Work to complete
Could you output the whole listing exactly as it stands, minus any images?

** Provided material follows **

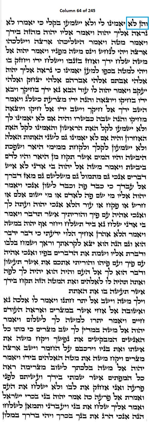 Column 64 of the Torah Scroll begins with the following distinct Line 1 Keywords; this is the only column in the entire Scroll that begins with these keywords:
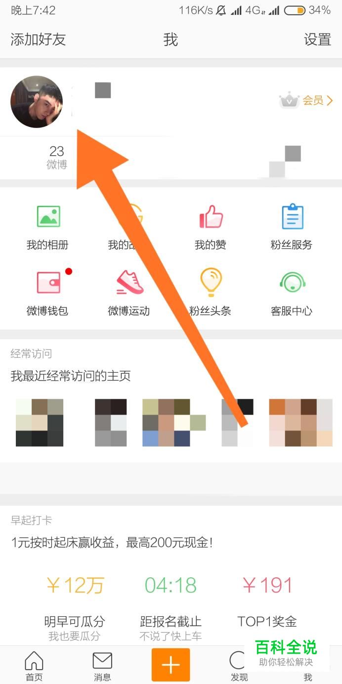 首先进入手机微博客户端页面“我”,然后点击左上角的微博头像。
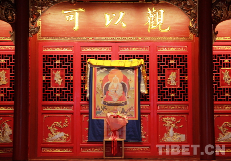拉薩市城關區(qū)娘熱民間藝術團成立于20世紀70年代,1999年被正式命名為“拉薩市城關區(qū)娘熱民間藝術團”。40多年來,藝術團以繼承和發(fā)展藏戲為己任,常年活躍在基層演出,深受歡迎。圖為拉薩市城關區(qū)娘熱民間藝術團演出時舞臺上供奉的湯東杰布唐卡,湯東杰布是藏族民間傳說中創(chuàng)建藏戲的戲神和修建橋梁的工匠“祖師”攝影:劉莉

** End of Provided material **

Answer section
 Column 64 of the Torah Scroll begins with the following distinct Line 1 Keywords; this is the only column in the entire Scroll that begins with these keywords:
 首先进入手机微博客户端页面“我”,然后点击左上角的微博头像。
拉薩市城關區(qū)娘熱民間藝術團成立于20世紀70年代,1999年被正式命名為“拉薩市城關區(qū)娘熱民間藝術團”。40多年來,藝術團以繼承和發(fā)展藏戲為己任,常年活躍在基層演出,深受歡迎。圖為拉薩市城關區(qū)娘熱民間藝術團演出時舞臺上供奉的湯東杰布唐卡,湯東杰布是藏族民間傳說中創(chuàng)建藏戲的戲神和修建橋梁的工匠“祖師”攝影:劉莉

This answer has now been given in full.